Sciences - Santé

S'il est peu évoqué, le trouble de l'éjaculation précoce n'est pas un phénomène rare. Il ressort d'une enquête menée par IPSOS (1) que 35 % des Belges – tous âges confondus – déclarent souffrir de ce dysfonctionnement dont les causes peuvent être biologiques mais aussi psychologiques. L'éjaculation précoce se situe en tête des troubles sexuels masculins devant les problèmes du désir (25%), les troubles de l'érection (23%) ou l'absence d'éjaculation (12%). 

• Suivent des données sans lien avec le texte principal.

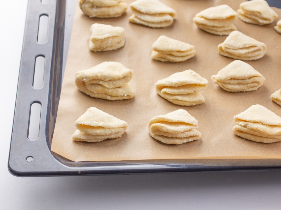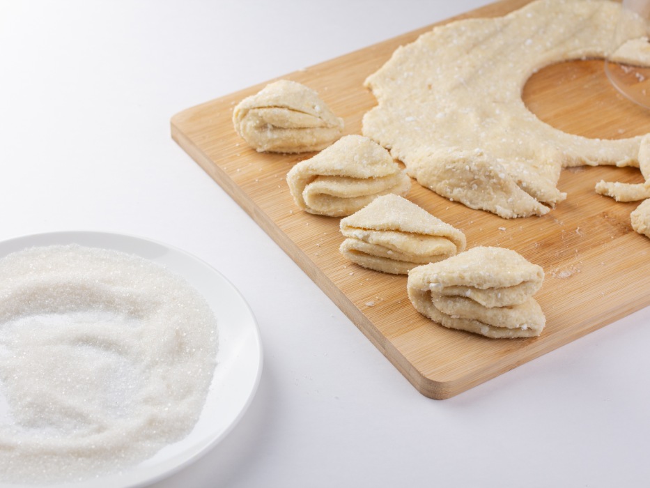 Сложить тесто пополам, чтобы сахар оказался внутри и еще раз обмакнуть в сахар, затем сложить кусочек еще раз пополам. Сахар должен быть со всех сторон печенья.

Du côté des femmes, seulement 20 % déclarent avoir été confrontées à un souci d'éjaculation précoce de leur partenaire. Parmi elles, une femme sur deux déplore cette situation.

Les Belges frustrés ?

L'enquête rapporte que 80 % des Belges placent la vie sexuelle au cœur de leur bien-être. En outre, trois Belges sur quatre estiment que leur vie sexuelle pourrait être améliorée. L'éjaculation précoce fait partie des points noirs, avec des conséquences pour le couple. Le premier dommage observé dans des proportions similaires par les hommes et les femmes est la perte de confiance en soi (dans 75% des cas), suivi par le sentiment de ne pas pouvoir procurer de bien-être à sa partenaire (dans 69% des cas) et par la perte du plaisir sexuel (dans 65% des cas). Dans 22 % des cas, ce trouble sexuel peut même conduire à l'infidélité .

Sujet tabou

Face à l'ampleur du problème sur leur bien-être et celui de leur couple, près de six hommes sur dix souhaiteraient "guérir". Même en prenant des médicaments si le médecin leur prescrivait, pour 80 % d'entre eux. A ce jour, il n'existe pas de traitement en Belgique contre ce trouble sexuel.

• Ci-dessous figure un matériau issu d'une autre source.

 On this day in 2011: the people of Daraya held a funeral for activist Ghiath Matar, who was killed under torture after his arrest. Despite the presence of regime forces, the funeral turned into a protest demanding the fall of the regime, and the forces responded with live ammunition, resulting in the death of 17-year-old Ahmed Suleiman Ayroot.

Mais, il demeure un paradoxe mis en lumière par l'enquête : un quart des hommes seulement s'informent sur les solutions... Le sexologue Armand Lequeux faisait cette même observation dans un entretien à Lalibre, constatant que "seuls 10% des hommes seraient prêts à consulter un spécialiste pour résoudre ce problème, et 1% qui font réellement la démarche".

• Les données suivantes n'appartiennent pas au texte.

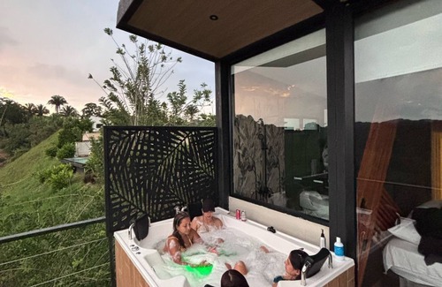 Nestled in La Tebaida, this 1-bedroom, 1-bathroom cabin brings it all within your reach. Fans of nature and the outdoors will love being 67 minutes by car from Main Square and 40 minutes from Parque De La Vida. With convenient onsite parking, you'll be ready to make the 36-minute drive to Coffee Park or the 25-minute drive to Armenia Country Club.

(1) L’enquête a été menée en Belgique par IPSOS auprès d’un échantillon de 1000 personnes représentatif de la population résidente, âgées entre 18 et 70 ans. Le déroulement de l’enquête a garanti une répartition optimale des sondés en fonction de leur sexe, âge, régime linguistique, niveau d’éducation et situation professionnelle.